**Extracted records**
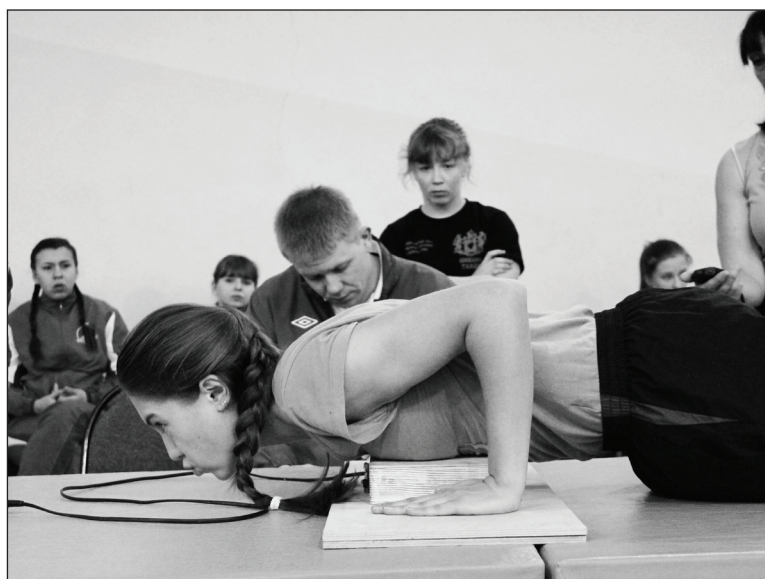
30, 31, 32... попробуй, отожмись больше.
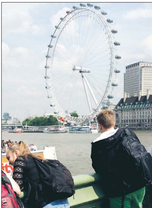
Populärt besöksmål i London – The London Eye.

Sju deltagare bland konfirmanderna, den så kallade "Londongruppen", gjorde en resa till den engelska huvudstaden med besök på en rad olika och kända platser.
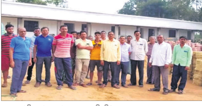
ଗ୍ରାମବାସୀ ବିଭାଗୀୟ ଯନ୍ତ୍ରୀଙ୍କୁ ଘେରାଇ କରୁଛନ୍ତି।
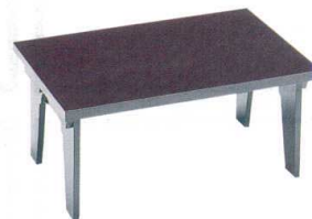
大和 膳ハードコーティング塗うるみ乾漆(折脚) [B] 11-302-17 ¥50,000 (W720・D480・H330)
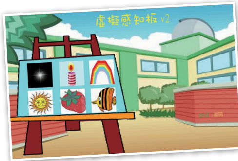
◀◀校本自製教學軟件

眼動儀雖然功能甚多，卻非所有學生合用。倘學生具備其他可替代能力，例如手肌能力良好，便不宜使用。即使學生經評估後能以眼動儀學習，也必須先具備基本視知覺能力。當學生能力未及，教師便會從實物開始訓練其注視及追視能力，讓他們學會聚焦注視身邊事物。直到視知覺能力表現穩定，才循序漸進地加入眼動儀的學習。為使學習過程更有系統，我們設計了進程架構（見圖表一），按學生能力細分學習步驟，讓教師規劃教學及評估安排，幫助學生從感官
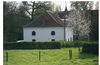
Millener Mühle (D)
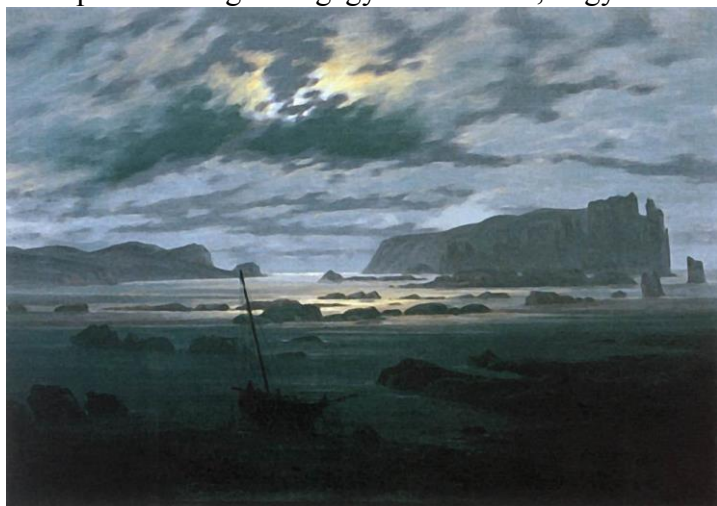
Caspar David Friedrich: Az Északi-tenger holdfényben, 1823-24

A szép és a fenséges megegyeznek abban, hogy mindkettő önmagáért tetszik.
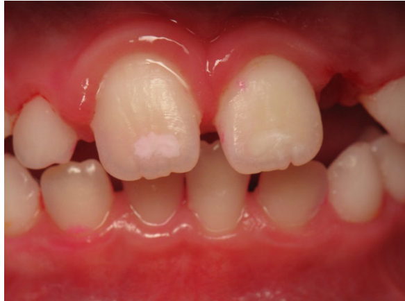
Patient Nr. K005 – BILD 4c
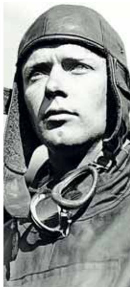
Faðir drengsins, Charles Lindbergh eldri.

Sjálfur Al Capone, sem var bak við lás og slá, bauðst til að láta finna barnið og skila því gegn lausn úr prisundinni. Sú aðstoð var afþökkuð
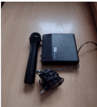
Rysunek 3. Mikrofon bezprzewodowy.
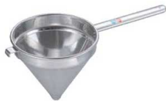
④UK 18-8 スープ漉
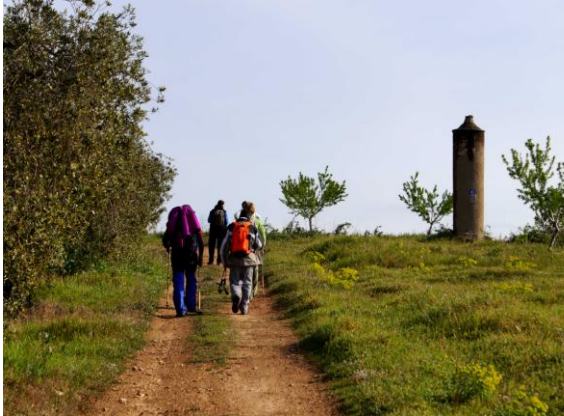
Respirall núm. 47 Pallaresos

Mitja hora més tard, reprenem la caminada, creuem els Pallaresos i ens dirigim cap el coll de Tapioles i cap el bosc del Ferrer Xic. Arribem al bar del Casal de la Secuita a les deu i deu del matí. Fem un café junt amb els amics que s'incorporen a la marxa i continuem trescant entre vinyes, farratges i garrofers. Els respiralls núm. 37,36,35,34,33 i 32 es van succeint. Després ens allunyem una estona del trajecte de la Mina tot prenent el camí de la pallissa del Dalmau i de les rodalies de la finca del Pontarró.
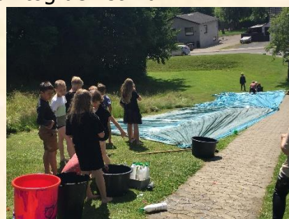
Kælkebakke om vinteren – Glidebane om sommeren
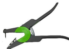
OS ID Combi Junior Green
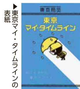
表紙 ▶東京マイ・タイムラインの
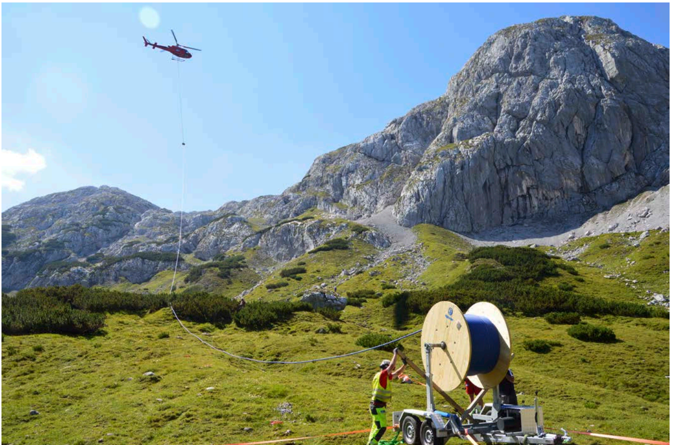
Drei Holztrommeln mit je 600 m langen Rohren wurden mit dem Hubschrauber auf die Alm transportiert, auf einen Spezialanhänger aufgespannt und im Boden verankert. Das Ausrollen der Leitung erfolgte mittels Hubschrauber.

Im Auftrag der Naturfreunde Salzburg wurde eine neue Wasserleitung für das Leopold Happisch Haus errichtet. Dabei kam ein Schutzmantelrohr aus dem Lieferprogramm von Pipelife Austria zur Anwendung. Das Besondere dabei: Der Transport und die Verlegung der Rohrleitung erfolgte per Hubschrauber.

**Exercise requirements**
What is needed is an exact copy of the lines above from the one with "ଗ୍ରାମବାସୀ ବିଭାଗୀୟ ଯନ୍ତ୍ରୀଙ୍କୁ ଘେରାଇ କରୁଛନ୍ତି।" to the one with "Mitja hora més", both ends kept, and nothing more; please leave the pictures out.

**Problem solution**
ଗ୍ରାମବାସୀ ବିଭାଗୀୟ ଯନ୍ତ୍ରୀଙ୍କୁ ଘେରାଇ କରୁଛନ୍ତି।
大和 膳ハードコーティング塗うるみ乾漆(折脚) [B] 11-302-17 ¥50,000 (W720・D480・H330)
◀◀校本自製教學軟件

眼動儀雖然功能甚多，卻非所有學生合用。倘學生具備其他可替代能力，例如手肌能力良好，便不宜使用。即使學生經評估後能以眼動儀學習，也必須先具備基本視知覺能力。當學生能力未及，教師便會從實物開始訓練其注視及追視能力，讓他們學會聚焦注視身邊事物。直到視知覺能力表現穩定，才循序漸進地加入眼動儀的學習。為使學習過程更有系統，我們設計了進程架構（見圖表一），按學生能力細分學習步驟，讓教師規劃教學及評估安排，幫助學生從感官
Millener Mühle (D)
Caspar David Friedrich: Az Északi-tenger holdfényben, 1823-24

A szép és a fenséges megegyeznek abban, hogy mindkettő önmagáért tetszik.
Patient Nr. K005 – BILD 4c
Faðir drengsins, Charles Lindbergh eldri.

Sjálfur Al Capone, sem var bak við lás og slá, bauðst til að láta finna barnið og skila því gegn lausn úr prisundinni. Sú aðstoð var afþökkuð
Rysunek 3. Mikrofon bezprzewodowy.
④UK 18-8 スープ漉
Respirall núm. 47 Pallaresos

Mitja hora més tard, reprenem la caminada, creuem els Pallaresos i ens dirigim cap el coll de Tapioles i cap el bosc del Ferrer Xic. Arribem al bar del Casal de la Secuita a les deu i deu del matí. Fem un café junt amb els amics que s'incorporen a la marxa i continuem trescant entre vinyes, farratges i garrofers. Els respiralls núm. 37,36,35,34,33 i 32 es van succeint. Després ens allunyem una estona del trajecte de la Mina tot prenent el camí de la pallissa del Dalmau i de les rodalies de la finca del Pontarró.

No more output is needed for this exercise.